Gold To Weaken as U.S. Economy Remains 'Bright Spot' - Gan
Monday November 28, 2016 10:16
(Kitco News) - Although moderately higher so far Monday, gold prices continue to be under pressure and one well-known Singapore-based analyst expects the weakness to continue, downgrading his year-end forecast for the metal.
“Given the weakness seen in gold prices, we revise our 2016 year-end call to $1,200/oz (from our previous estimate of $1,300/oz),” said Barnabas Gan, commodities economist for the Oversea-Chinese Banking Corp., in a report Monday morning.
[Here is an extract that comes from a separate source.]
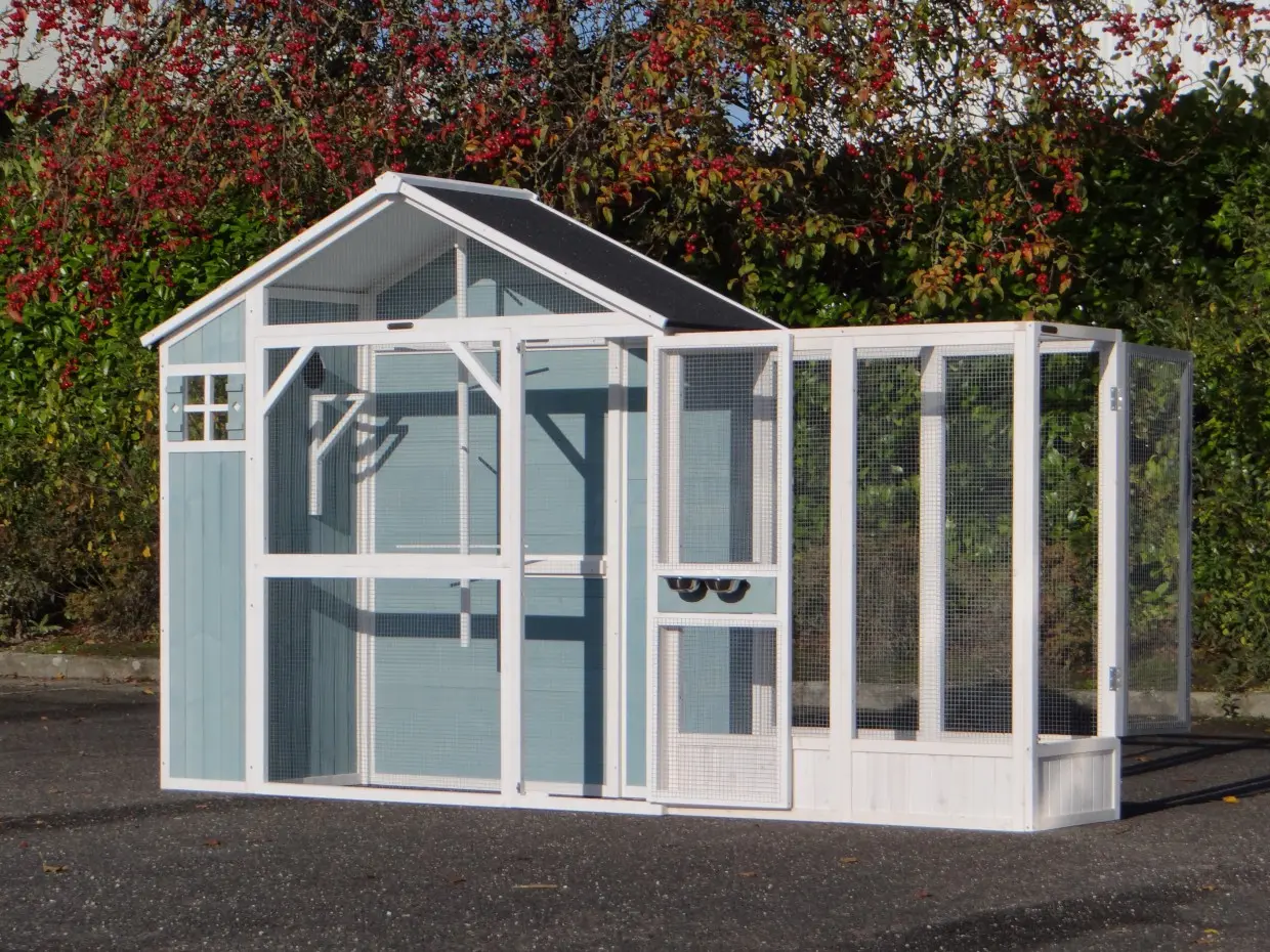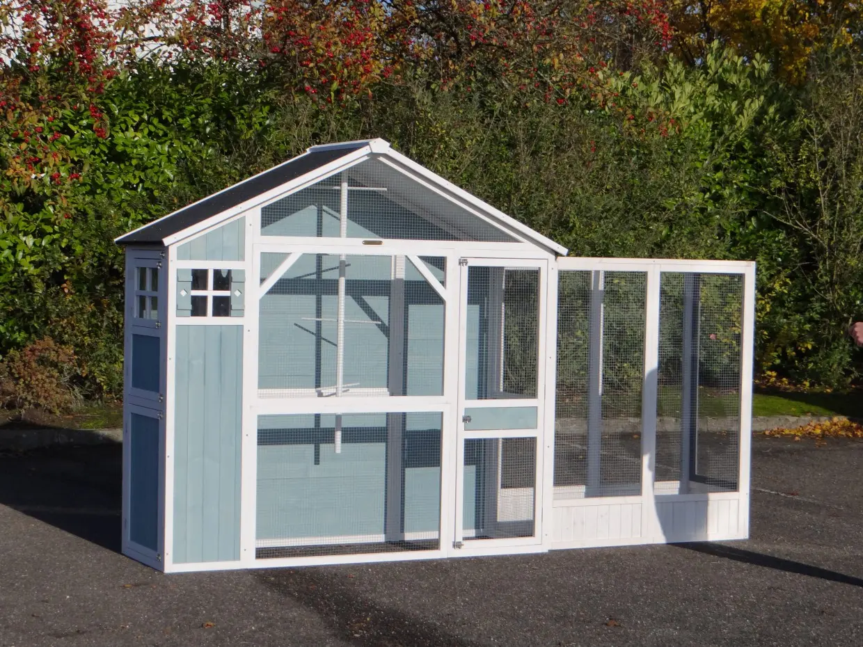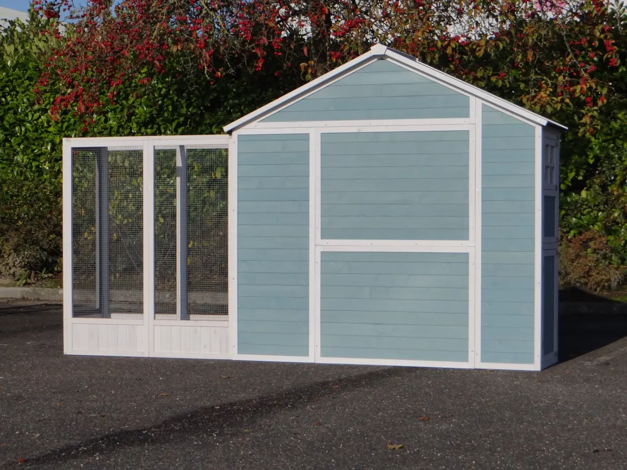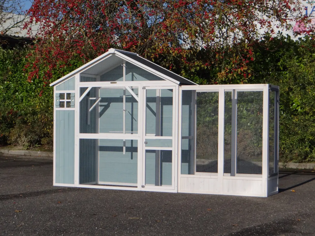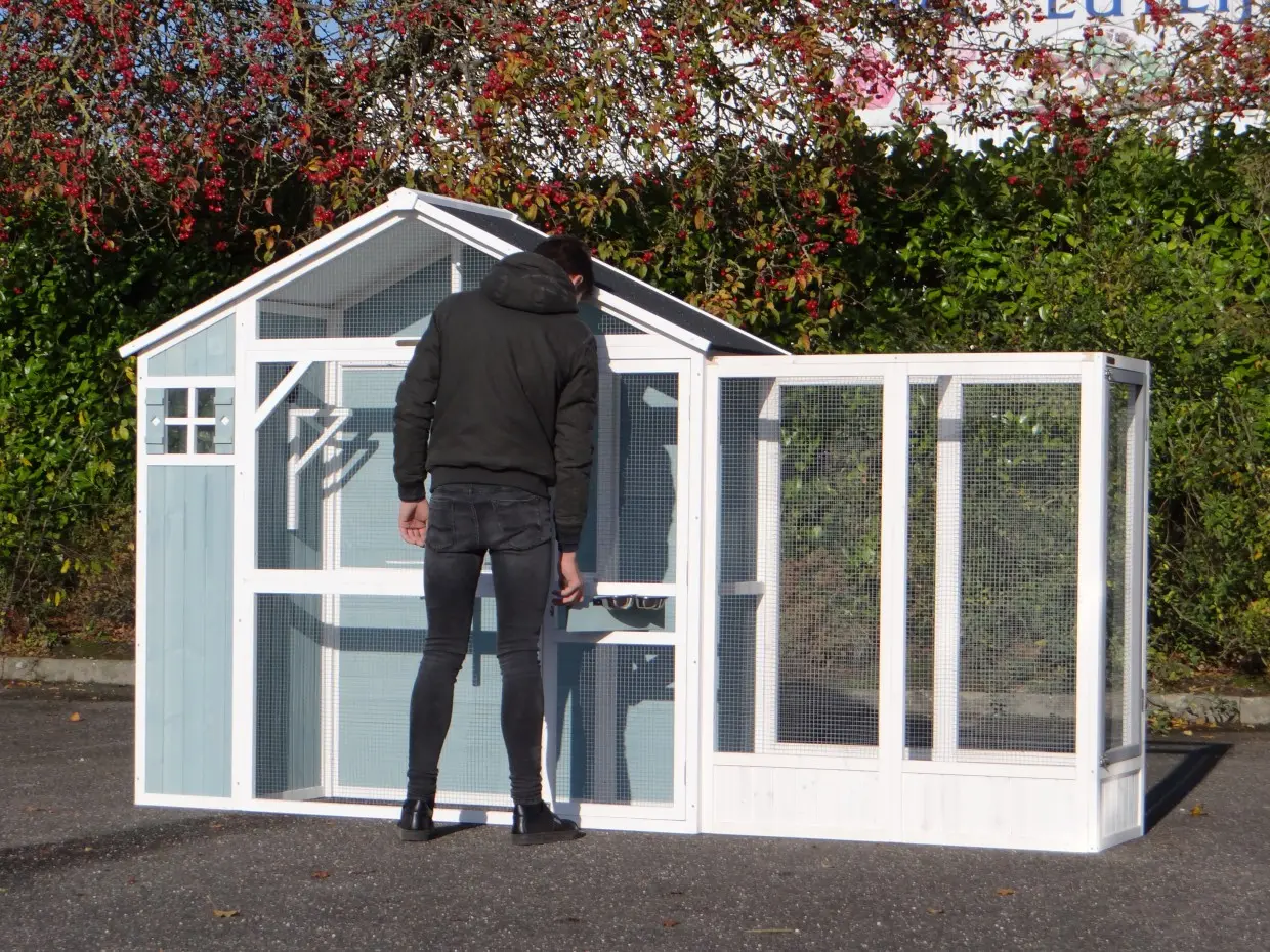 Attention : l’enclos possède une porte grise. Il s’agit donc d’une couleur différente de celle de la volière.

And this weakness, according to Gan, is expected to spill over into 2017 as well.
“With the likelihood for the Federal Reserve to engage two more rate hikes in 2017, the greenback should turn firmer consequently, and bring gold lower to our 2017 year-end forecast of $1,100/oz,” he said.
Gan explained that gold has been mainly driven by U.S. markets – the U.S. dollar, bond yields and expectations of Federal Reserve rate hikes.
“In the last two weeks, U.S. bond yields have risen by more than 30 basis points across the tenors since the start of November. This is led by reflationary expectations given President-elect Trump’s policies amid the widespread expectation that FOMC will pull the rate hike trigger in its Dec. meeting,” Gan explained.
“All-in-all, the DXY index has strengthened considerably to above its 100 mark, up from a mere 97.1 seen earlier this month.”
Given that rate-hike expectations are much higher now – with markets pricing in a 95.9% chance in December – coupled with higher bond yields and stronger a U.S. dollar, gold has fallen below $1,200 since its election-night peak. February Comex gold futures last traded at $1,188.30 an ounce, up 0.61% on the day.
Despite uncertainties brewing in Europe and Asia, which could propel safe-haven demand for the metal, Gan doesn’t expect these factors to be enough to outweigh the perception of a stronger U.S. economy among investors.
“In short, the U.S. economy still appears to be a bright spot, while the sustained risk aversion, given the issues in Europe and Asia, has left market-watchers moving away from EM assets, which then resulted in fund inflows into the U.S., a scenario that may persist if things stay status quo,” Gan explained.